**EXERCISE**
Where the material below has a line containing "Карта памяти Micro", start repeating exactly, and keep going through the line containing "Dave: Small cap", with no other lines.

**STORED DATA**
━━━━━━
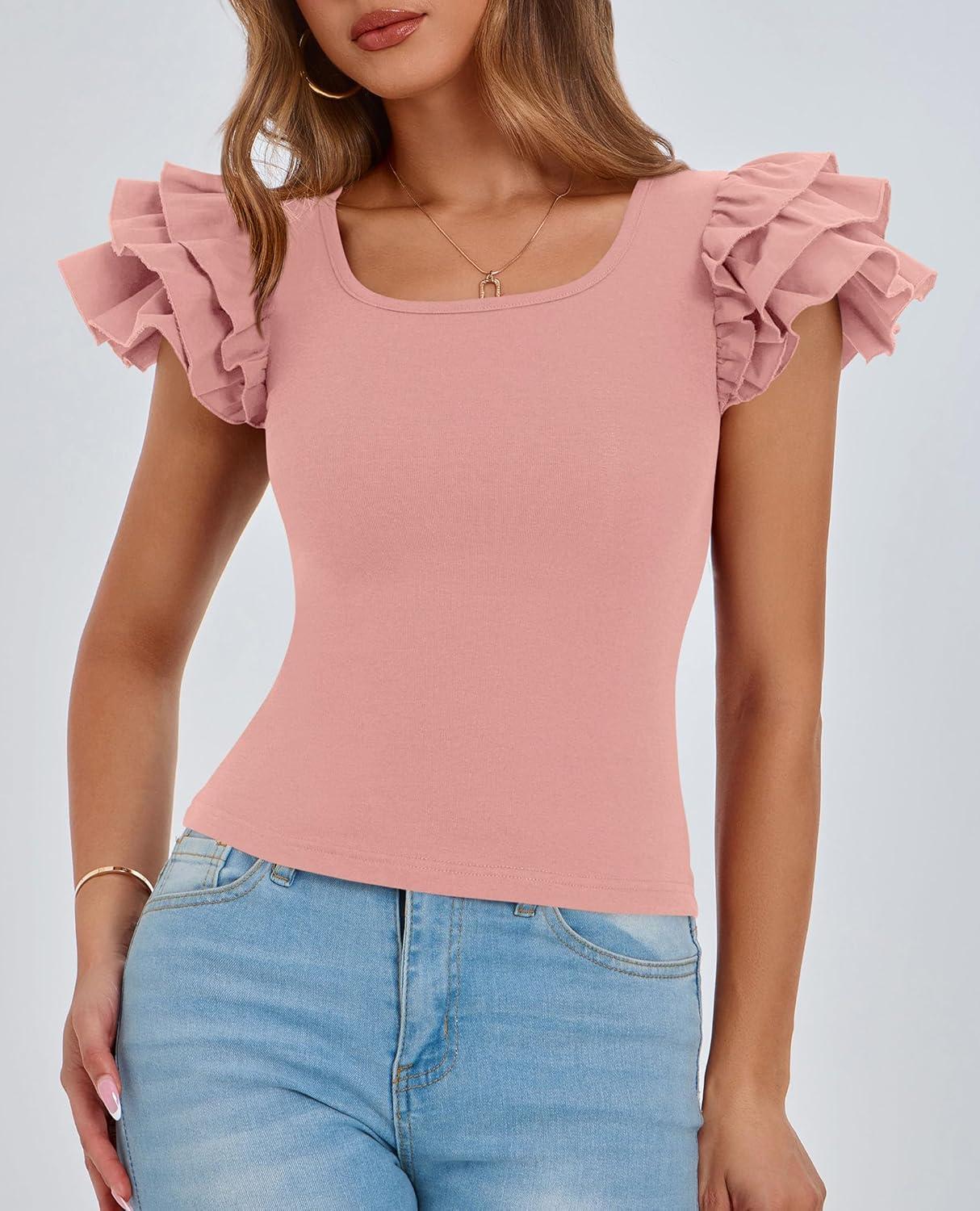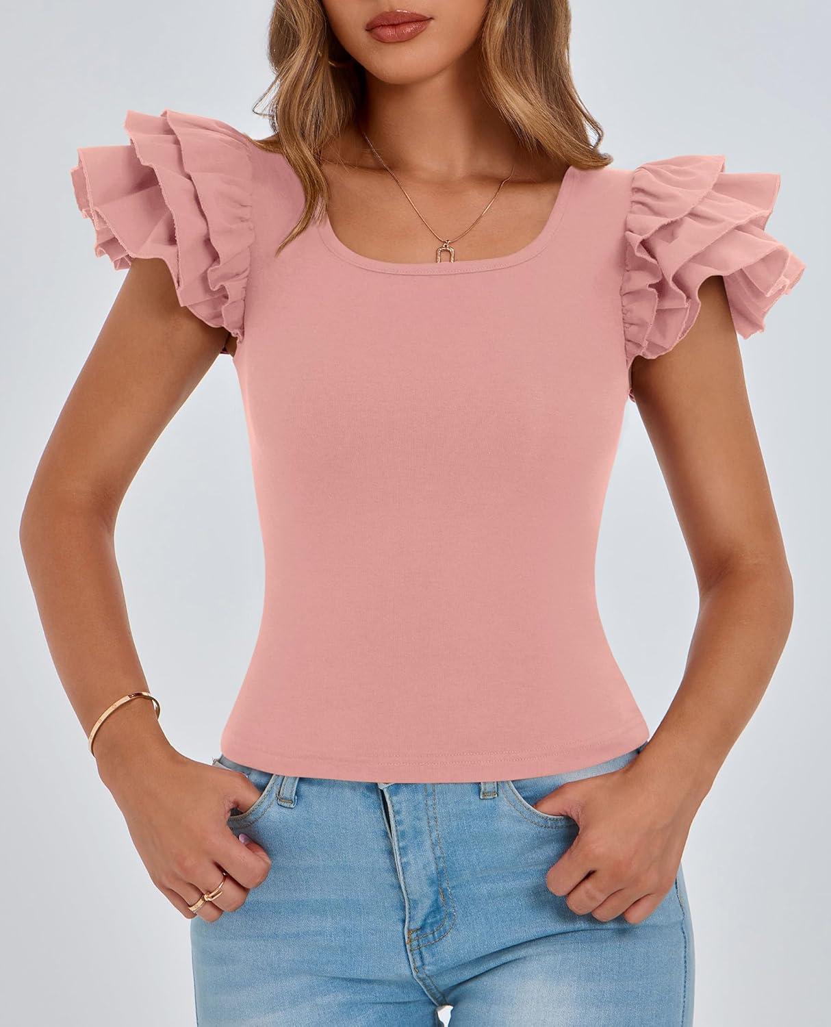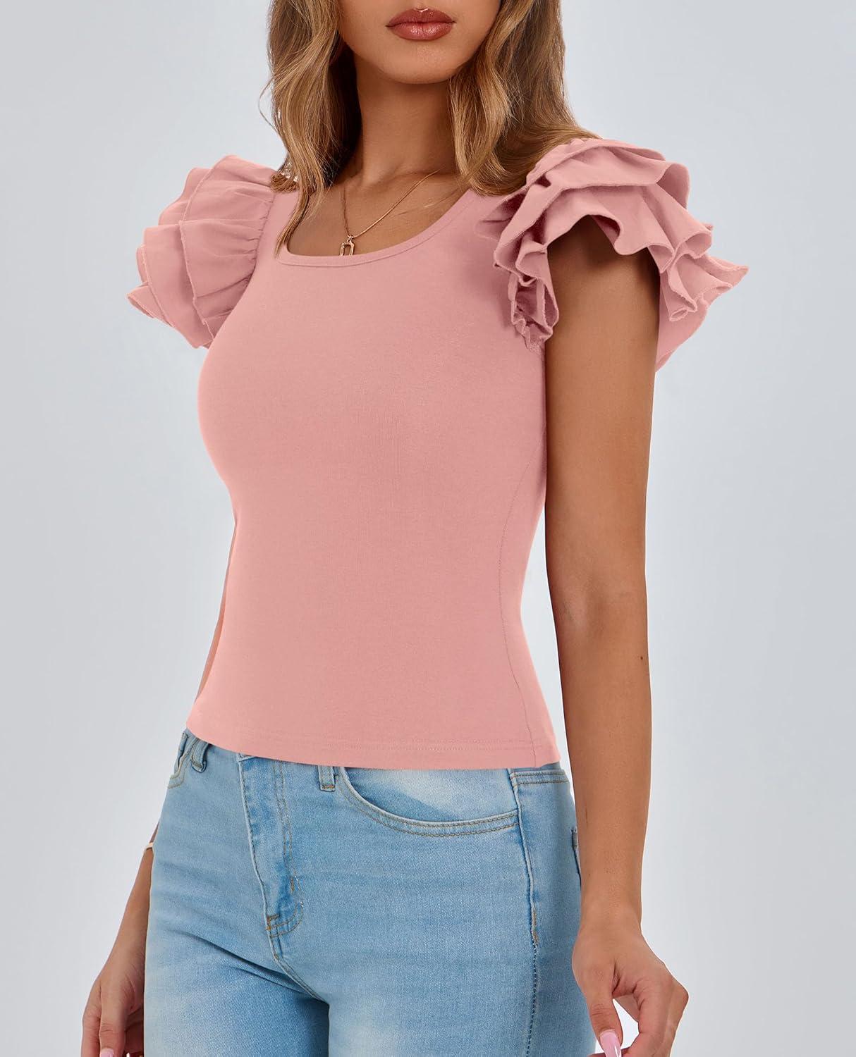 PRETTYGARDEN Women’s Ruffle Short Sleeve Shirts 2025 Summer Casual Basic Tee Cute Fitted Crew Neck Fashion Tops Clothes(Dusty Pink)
━━━━━━
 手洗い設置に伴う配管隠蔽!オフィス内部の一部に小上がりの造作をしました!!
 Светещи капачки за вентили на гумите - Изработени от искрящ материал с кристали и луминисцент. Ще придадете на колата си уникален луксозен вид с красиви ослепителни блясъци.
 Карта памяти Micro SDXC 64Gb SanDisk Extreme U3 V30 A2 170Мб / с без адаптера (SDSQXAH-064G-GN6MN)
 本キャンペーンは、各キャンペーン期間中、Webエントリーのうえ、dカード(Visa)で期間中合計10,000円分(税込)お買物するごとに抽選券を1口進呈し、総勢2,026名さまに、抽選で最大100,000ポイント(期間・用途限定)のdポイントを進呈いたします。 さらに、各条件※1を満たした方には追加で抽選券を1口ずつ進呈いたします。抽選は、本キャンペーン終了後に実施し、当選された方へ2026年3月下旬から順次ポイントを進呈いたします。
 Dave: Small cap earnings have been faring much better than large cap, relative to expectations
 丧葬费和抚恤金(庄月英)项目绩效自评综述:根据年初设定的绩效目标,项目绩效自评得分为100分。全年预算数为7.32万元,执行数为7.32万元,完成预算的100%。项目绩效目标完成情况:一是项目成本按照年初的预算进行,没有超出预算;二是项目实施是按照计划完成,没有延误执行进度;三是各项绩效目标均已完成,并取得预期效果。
━━━━━━
**COMPLETED EXERCISE**
 Карта памяти Micro SDXC 64Gb SanDisk Extreme U3 V30 A2 170Мб / с без адаптера (SDSQXAH-064G-GN6MN)
 本キャンペーンは、各キャンペーン期間中、Webエントリーのうえ、dカード(Visa)で期間中合計10,000円分(税込)お買物するごとに抽選券を1口進呈し、総勢2,026名さまに、抽選で最大100,000ポイント(期間・用途限定)のdポイントを進呈いたします。 さらに、各条件※1を満たした方には追加で抽選券を1口ずつ進呈いたします。抽選は、本キャンペーン終了後に実施し、当選された方へ2026年3月下旬から順次ポイントを進呈いたします。
 Dave: Small cap earnings have been faring much better than large cap, relative to expectations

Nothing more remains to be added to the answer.